Scottish indie pop band

Zoey Van Goey were an indie pop band from Glasgow, Scotland, made up of Matt Brennan, Michael John McCarthy, Kim Moore and Adam Scott.

Brennan, McCarthy and Moore, hailing from Canada, Ireland and England respectively, formed the initial trio in Glasgow in 2006, with Scott becoming a full-fledged member in 2010. The band stopped performing in 2012.

The band's debut single, "Foxtrot Vandals," was produced by Belle and Sebastian frontman Stuart Murdoch, and released on seven-inch vinyl in 2007. Their second single, "Sweethearts in Disguise," was produced by Paul Savage of The Delgados and released in 2008.

Their debut album, The Cage Was Unlocked All Along, was initially self-released on 1000 CD copies in 2009 and quickly sold out; it was then re-released by Chemikal Underground Records. Their second album, Propeller Versus Wings, was released on Chemikal Underground in 2011.

==Press coverage==
Zoey Van Goey were generally favourably received into the Scottish music scene, described by The List as an "eclectic and endlessly imaginative Glasgow-based Canadian, Irish and English boy-girl trio [with] frothy indie-pop tendencies."

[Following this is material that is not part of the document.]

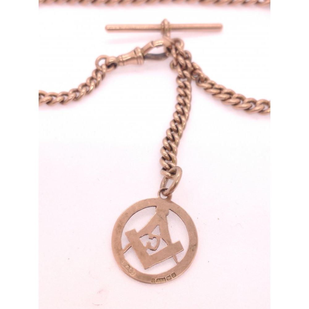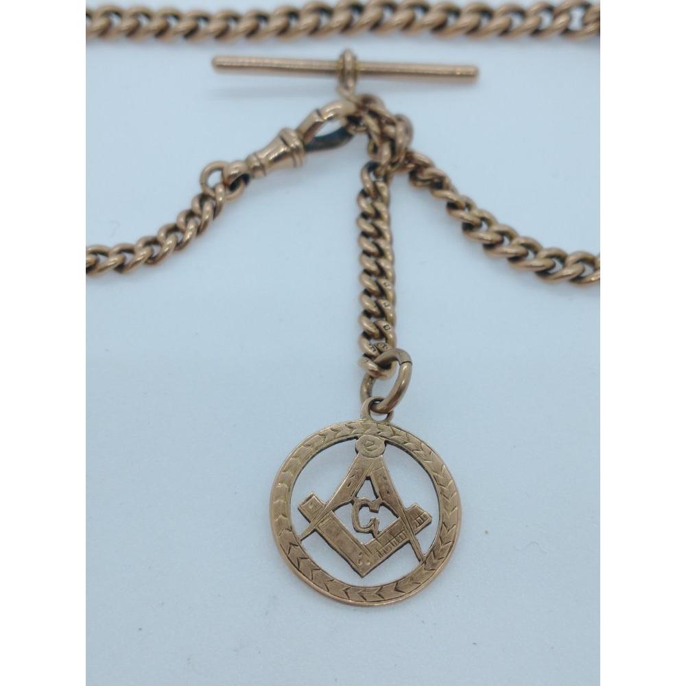MASONIC INTEREST SOLID GOLD Victorian watch chain 375 stamped Birmingham Hallmark on the fob bar, also 375 stamped on the attached chain clip and also 375 on the Masonic fob emblem

Their debut album was described by the NME as "charming folk-pop" and by The Skinny as "intelligent, humorous, pleasant twee-pop ... an excellent album that could ably soundtrack any (admittedly rare) sunny day in Glasgow."

Their sophomore effort was also generally well received, with Allmusic.com describing it as an "eminently likable second album [whose] myriad modes hang together to present a coherent sensibility, the varied but complementary sides of the same sparkling personality: goofy at times, definitely a little geeky, but also sweet, sensitive, thoughtful, and often boldly romantic."

==Tours and gigs==
Zoey Van Goey's first tour was in May 2007, when Scottish novelist Alan Bissett approached the Zoeys and Y'all is Fantasy Island suggesting the three artists go on tour together. The gigs combined spoken word readings by Bissett with music by the two bands performing simultaneously onstage. The collective, dubbed as The Super Puny Humans, toured across central Scotland.

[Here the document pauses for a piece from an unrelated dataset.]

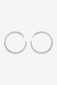 Large crystal cluster hoop. Features post back closure. Available in Clear Crystal/Silver. - Metal: 100% Brass, Stone:100% Glass, Post: 100% Stainless Steel - To protect and assure the longevity of your jewelry and accessories, handle delicately when dressing. Do not wear while swimming, bathing, applying perfumes, lotions or hair products. To clean your pieces use a soft cloth and gently wipe the surface.

After building interest from their two single releases, in 2008 Zoey Van Goey were invited to play the majority of unsigned stages of Scotland's biggest music festivals, including T in the Park, Connect Music Festival, Wickerman Festival, Live at Loch Lomond and Rock Ness.

Zoey Van Goey collaborated with the National Theatre of Scotland in 2009, devising the music and performing onstage for the stage adaptation of the Takeshi Kitano film Dolls.

The band continued to tour throughout the UK and Europe during their active years. Throughout their career, Zoey Van Goey were championed by Belle and Sebastian, who invited the band to perform at their 2010 'Bowlie Weekender' All Tomorrow's Parties Festival. When Zoey Van Goey launched their second album in 2011, they supported Belle and Sebastian on their European tour.

==Discography==
===Singles & EPs===
- "Foxtrot Vandals" (w/ b-side "Song To The Embers" remix by Miaoux Miaoux - Say Dirty Records, 2007)
- "Sweethearts In Disguise" (w/ b-side "Lick A 99" remix by Funkspiel - Lucky Number Nine Records, 2008)

===Albums===
- The Cage Was Unlocked All Along (Chemikal Underground Records, 2009)
1. "The Best Treasure Stays Buried"
2. "We Don't Have That Kind Of Bread"
3. "Sweethearts In Disguise"
4. "We All Hid In Basements"
5. "Two White Ghosts"
6. "Foxtrot Vandals"
7. "My Persecution Complex"
8. "Nae Wonder"
9. "Cotton Covering"
10. "City Is Exploding"
- Propeller Versus Wings (Chemikal Underground Records, 2011)
11. "Mountain On Fire"
12. "The Cake And Eating It"
13. "Sackville Sun"
14. "My Aviator"
15. "Escape Maps"
16. "You Told The Drunks I Knew Karate"
17. "Little Islands"
18. "Extremities"
19. "Robot Tyrannosaur"
20. "Another Day Another Disaster"
21. "Where It Lands"

===Contributions===
- "Xmas in New York" Avalanche Records Alternative Christmas 2009

===Other recordings===
- "Song To The Embers"
- "Tell Me Lies"
- "Jump Your Bones"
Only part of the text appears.